* _Required action_: Only the lines below from the one that contains "問合せ先:天白文化小劇場 TEL052-806-8060 名古屋市天白区原一丁目301番地" through the one that contains "Casi todos los" should appear in your answer, exact and without pictures.

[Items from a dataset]
---------------
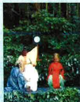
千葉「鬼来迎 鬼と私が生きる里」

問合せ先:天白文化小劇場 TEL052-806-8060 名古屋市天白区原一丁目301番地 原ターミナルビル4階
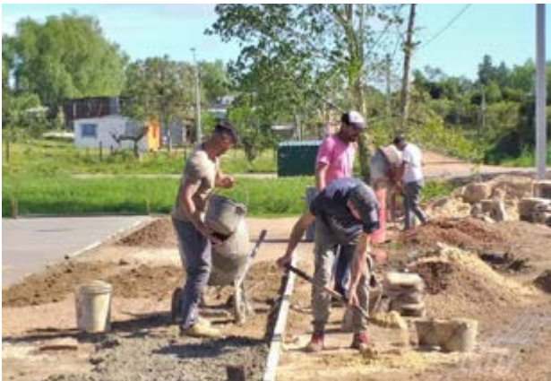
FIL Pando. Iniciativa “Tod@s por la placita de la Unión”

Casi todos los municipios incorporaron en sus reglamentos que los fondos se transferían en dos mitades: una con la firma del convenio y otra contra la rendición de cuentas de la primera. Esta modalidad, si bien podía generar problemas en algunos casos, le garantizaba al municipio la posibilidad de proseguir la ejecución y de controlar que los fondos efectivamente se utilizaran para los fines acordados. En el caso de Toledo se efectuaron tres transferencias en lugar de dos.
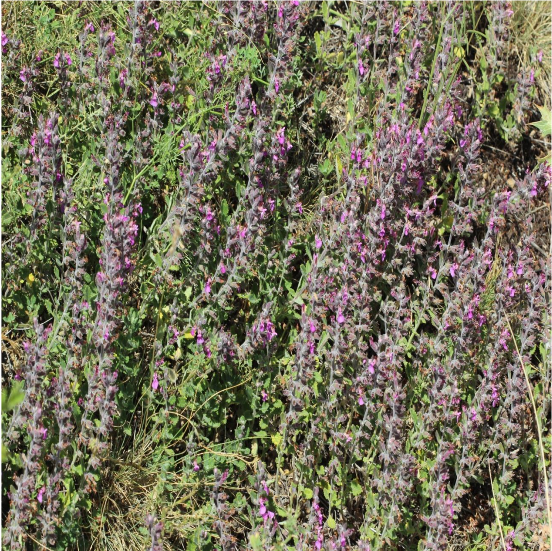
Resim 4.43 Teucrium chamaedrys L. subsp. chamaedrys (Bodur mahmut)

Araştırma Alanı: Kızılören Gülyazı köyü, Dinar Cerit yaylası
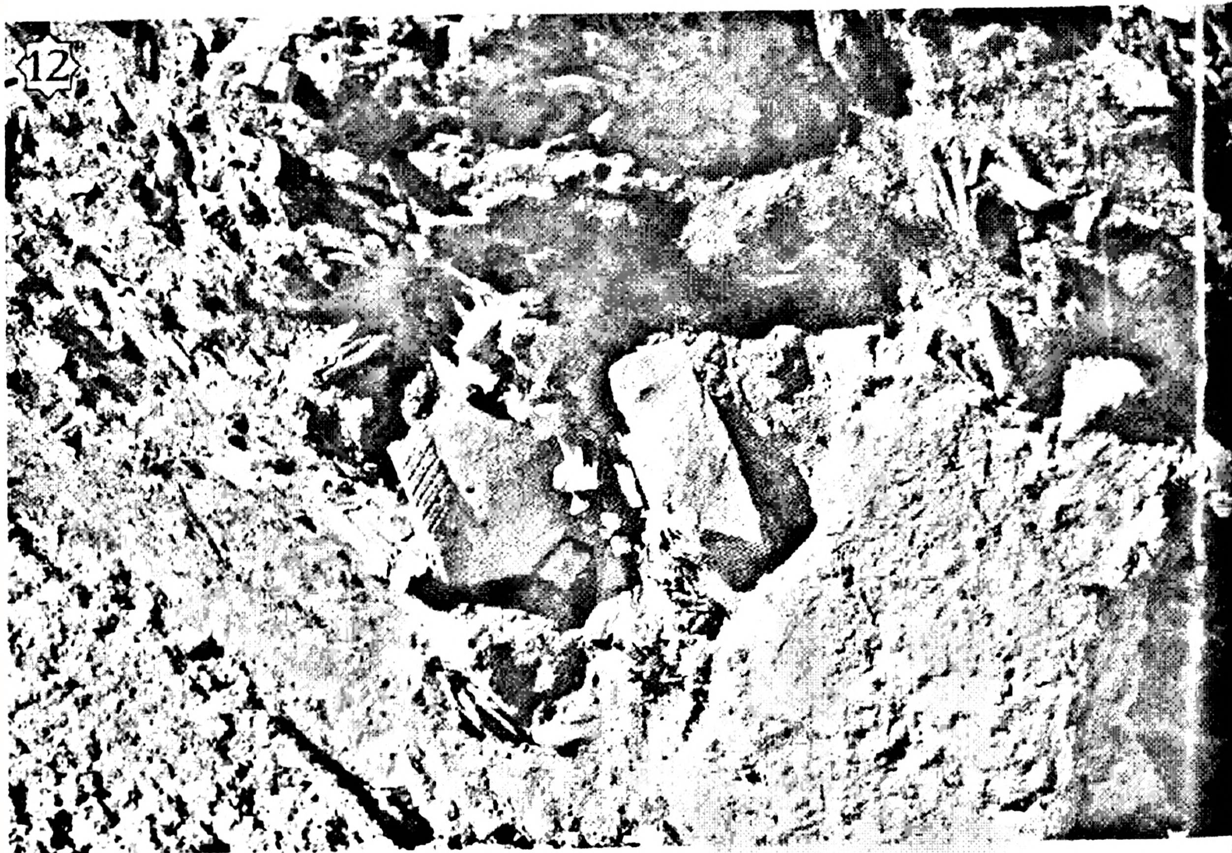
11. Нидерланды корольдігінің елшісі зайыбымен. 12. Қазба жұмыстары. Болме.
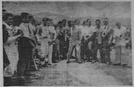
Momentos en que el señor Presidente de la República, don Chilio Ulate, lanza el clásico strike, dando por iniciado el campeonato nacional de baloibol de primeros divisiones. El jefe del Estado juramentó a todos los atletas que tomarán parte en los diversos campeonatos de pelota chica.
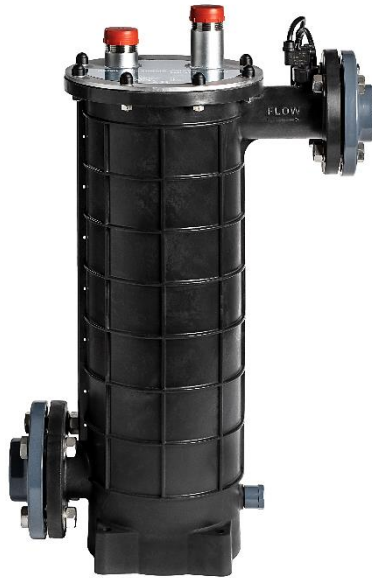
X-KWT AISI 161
---------------
* _Your solution_:
問合せ先:天白文化小劇場 TEL052-806-8060 名古屋市天白区原一丁目301番地 原ターミナルビル4階
FIL Pando. Iniciativa “Tod@s por la placita de la Unión”

Casi todos los municipios incorporaron en sus reglamentos que los fondos se transferían en dos mitades: una con la firma del convenio y otra contra la rendición de cuentas de la primera. Esta modalidad, si bien podía generar problemas en algunos casos, le garantizaba al municipio la posibilidad de proseguir la ejecución y de controlar que los fondos efectivamente se utilizaran para los fines acordados. En el caso de Toledo se efectuaron tres transferencias en lugar de dos.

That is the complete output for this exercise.